2019 Women in Print and Promo: Lynn Buck, Copresco
Production Manager, Copresco, Carol Stream, Ill.
How she got her start: Ten years prior to my official start in the printing industry, my husband (boyfriend at the time), told me he was picking me up at 3 a.m. and that I was going to work with him in a downtown “Printer’s Row” company to assist him with a bindery job. Ten years later and married, I offered to help out for a week with my husband at Glenbard Graphics. That week turned out to be 21 straight 12-hour days. At the conclusion of that bindery job, the owner asked if I would be interested in learning other jobs to be able to fill in for the regular help over the summer. After a few short weeks, he asked me to become a full-time employee. I worked in the bindery for a couple years, but then had the opportunity to take over the shipping/receiving department, which then led to an opportunity to try my hand in the production/customer service arena. I joined Copresco in 1997 as a production coordinator.
What she does: I am the production manager at Copresco, a digital printing company, where my duties include customer contact; overseeing all the internal operations from the customer quotes and job tickets once a quote is accepted; making sure all necessary supplies or outside services related to the production of the jobs are in place; keeping close contact with prepress, printing, bindery and shipping to ensure all jobs are completed to meet our customers’ requirements; monitoring quality throughout the various stages of production; updating of all customer changes throughout the production cycle; and making sure the shipping details are in place for final distribution.
What brings her joy professionally and personally: Knowing that our customers can drop their jobs into our hands and not have to worry if their demanding deadlines will be met and the quality they expect will be delivered [brings me joy]. It is rewarding to work with a staff that is committed to turning out beautiful digital printing on short, sometimes “Mission Impossible,” turnaround times.

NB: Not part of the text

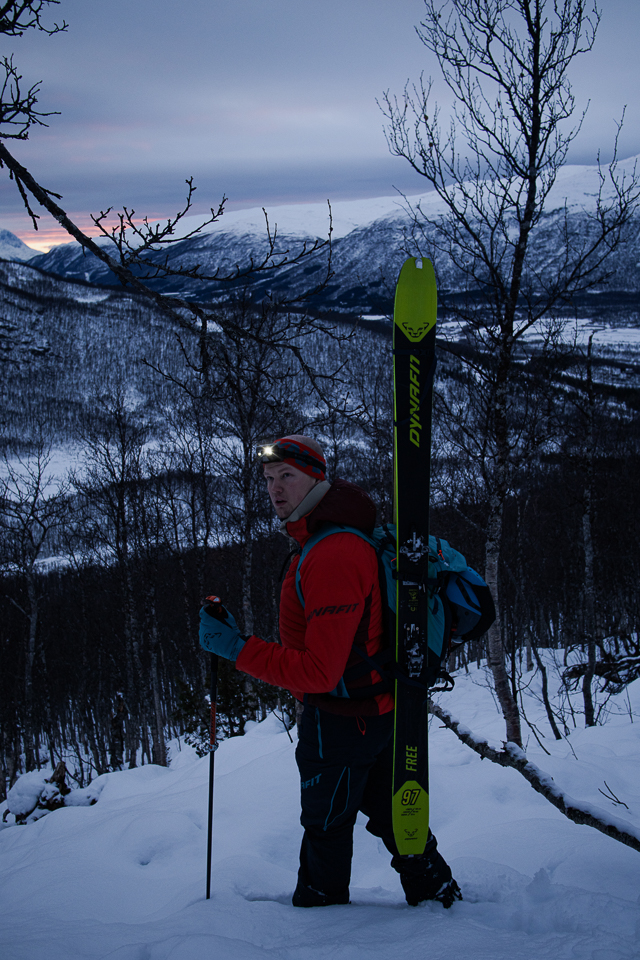Ensimmäiset testit lampulle tuli heti kauden toisen vapaalaskupäivän loppuosuudella, kun iltapäivä alkoi hämärtyä. Lumen määrä metsässä ei riittänyt alas laskemiseen, joten päädyttiin laittamaan sukset reppuun ja kävelemään alas tyypillisessä Norjalaisessa tihenevässä metsässä.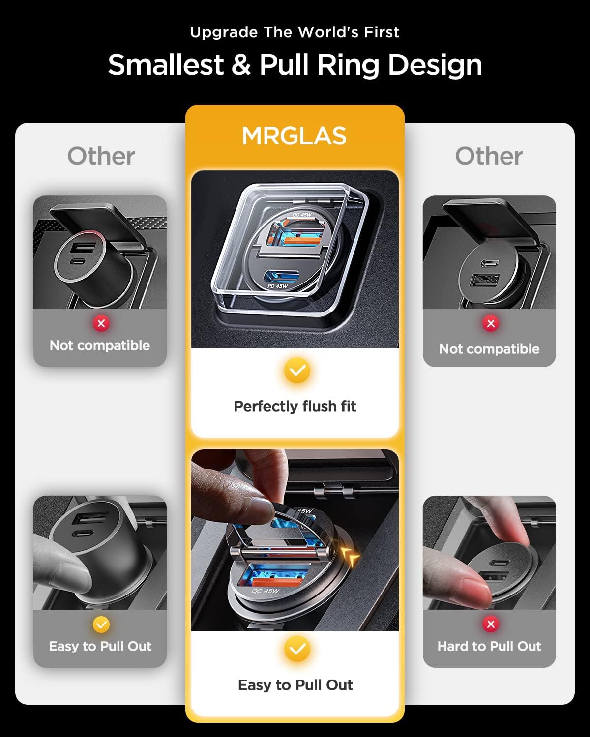 - ⚡OFFICIALLY APPROVED PD45W+QC45W & DUAL PD45W FAST CHARGING: MRGLAS 90W fast USB C car charger supporting PD 45W(usb-c port) and QC 45W(usb-a port) high output, can fast charge all prevailing phones/iPad/tablet at the same time. Makes the IPhone 14 Pro Max and Samsung Galaxy S22 charging time from 0% to 88% in 30 minutes.

Her proudest career achievement: [I’d say] the fact that I started my printing career as a hand bindery person, and through a lot of hard work, am now a production manager running the entire production end of our company. I feel that part of my current success is having started at the finishing end and, thus, knowing all the processes necessary to take a job from the onset to its completion and shipment out the door. I know how to offer little tips to a bindery person to make their job more efficient, how to coordinate making sure all supplies needed are in-house in advance to keep a job moving without delay, and how to keep our staff motivated to keep quality at the top of their priorities.

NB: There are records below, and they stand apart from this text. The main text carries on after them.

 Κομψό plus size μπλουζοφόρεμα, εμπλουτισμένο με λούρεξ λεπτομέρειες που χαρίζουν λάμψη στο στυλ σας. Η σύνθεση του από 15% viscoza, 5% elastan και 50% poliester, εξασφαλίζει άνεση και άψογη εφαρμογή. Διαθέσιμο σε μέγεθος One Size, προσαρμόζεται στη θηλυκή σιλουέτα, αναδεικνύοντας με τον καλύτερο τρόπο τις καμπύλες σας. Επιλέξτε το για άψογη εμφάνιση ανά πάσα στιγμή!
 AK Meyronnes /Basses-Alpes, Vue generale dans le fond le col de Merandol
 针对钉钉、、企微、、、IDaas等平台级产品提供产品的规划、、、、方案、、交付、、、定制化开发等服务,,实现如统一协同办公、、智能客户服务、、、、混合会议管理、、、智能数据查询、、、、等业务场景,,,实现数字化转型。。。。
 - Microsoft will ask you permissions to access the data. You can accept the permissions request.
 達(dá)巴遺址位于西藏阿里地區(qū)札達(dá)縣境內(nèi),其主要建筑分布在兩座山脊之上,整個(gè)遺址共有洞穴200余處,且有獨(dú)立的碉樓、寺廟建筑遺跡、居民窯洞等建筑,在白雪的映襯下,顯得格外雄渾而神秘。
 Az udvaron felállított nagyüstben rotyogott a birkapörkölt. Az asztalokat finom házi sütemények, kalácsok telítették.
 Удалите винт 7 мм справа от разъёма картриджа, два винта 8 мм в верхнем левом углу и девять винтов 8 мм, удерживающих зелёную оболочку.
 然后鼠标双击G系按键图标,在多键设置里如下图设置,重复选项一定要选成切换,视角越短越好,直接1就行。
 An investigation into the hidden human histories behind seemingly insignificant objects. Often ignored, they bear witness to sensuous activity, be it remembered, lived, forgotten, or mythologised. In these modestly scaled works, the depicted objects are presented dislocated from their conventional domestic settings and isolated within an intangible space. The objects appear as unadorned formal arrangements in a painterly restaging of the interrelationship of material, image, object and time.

On working in a traditionally male-dominated industry: Back in my shipping/receiving days, I once had a trucker pull into our dock with a load of boxes from our box vendor. When he asked for our receiving “guy,” he was truly not happy when he found that person was a woman, which meant he would have to make the sacrifice and unload our order. To his total surprise, I hopped up on the forklift without hesitation, drove onto his truck and scooped up the first of many bands of cartons. All he could say was, “Well, OK, I guess I’ll stay out of your way.”

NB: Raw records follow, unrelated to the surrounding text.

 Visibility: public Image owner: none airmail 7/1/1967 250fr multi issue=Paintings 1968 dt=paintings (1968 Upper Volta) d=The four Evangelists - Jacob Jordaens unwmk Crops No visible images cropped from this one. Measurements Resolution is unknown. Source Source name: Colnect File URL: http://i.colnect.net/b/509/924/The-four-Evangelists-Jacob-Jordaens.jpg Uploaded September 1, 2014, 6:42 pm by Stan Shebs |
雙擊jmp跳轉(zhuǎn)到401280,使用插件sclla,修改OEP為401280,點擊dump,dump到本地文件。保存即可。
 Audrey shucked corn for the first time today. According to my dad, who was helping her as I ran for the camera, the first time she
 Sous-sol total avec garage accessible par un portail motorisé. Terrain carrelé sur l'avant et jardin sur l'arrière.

Her job advice to women: In order to be successful and good at your job in printing, you need to be committed to doing whatever is necessary to meet crucial deadlines. Most customers have no clue what it takes to get 2,500 of a 280-page convention program with four Mylar-reinforced tabs and a glued inside front cover pocket delivered 2,000 miles away, exactly when needed. Once the project has left their hands, it takes a crew of experienced people to make that happen. It requires attention to the smallest details and follow through all the way to make sure that the LTL shipment of two skids is delivered to the right place at the right time. Just as our children trust us as mothers, it is so satisfying to have our customers give us projects and trust us to deliver them right, and right on time.
Who she turns to for career advice: I learned the finishing end of the business from my husband, who was my immediate boss for the time I spent in the bindery. I then was under the wing of our production manager at my previous company who really taught me the production and customer service end. It was unfortunate that the owner didn’t realize my potential and didn’t reap the benefits of what I had learned. So, I took all my knowledge and moved on to Copresco, where Steve Johnson, president and CEO, has given me the reigns to grow with hands-on experience.
Her upcoming goals: I want to maintain the same high level of productivity and continue to grow professionally. Copresco is constantly adding new equipment and offering new services, which allows me to learn new things and pass along new techniques to our crew.
How she maintains a work/life balance: Is there life outside Copresco? Luckily, since my husband had been in printing, including management several years before me and has only recently retired, he knows what kind of time and energy are required in this business, so we make the most of the time we are together, and he understands those late nights that happen so often.
Final thoughts: Comments that I receive from customers are gratifying. The following was one mentioned in an article in Overnight Lite, Copresco’s newsletter: “I first met Lynn Buck when I took over Innovative Graphics,” recalls Copresco client Kelley Foulk. “I soon discovered after working with her on my first project what a gem Copresco has! Lynn is one of the most intelligent, knowledgeable and experienced people in the industry.
“She is very dedicated to her profession and always goes above and beyond with the rest of the Copresco staff to help meet my deadlines,” Foulk added. “I always feel 100 percent confident when handing a project off to her that it’s in great hands and will be a perfect product upon completion.”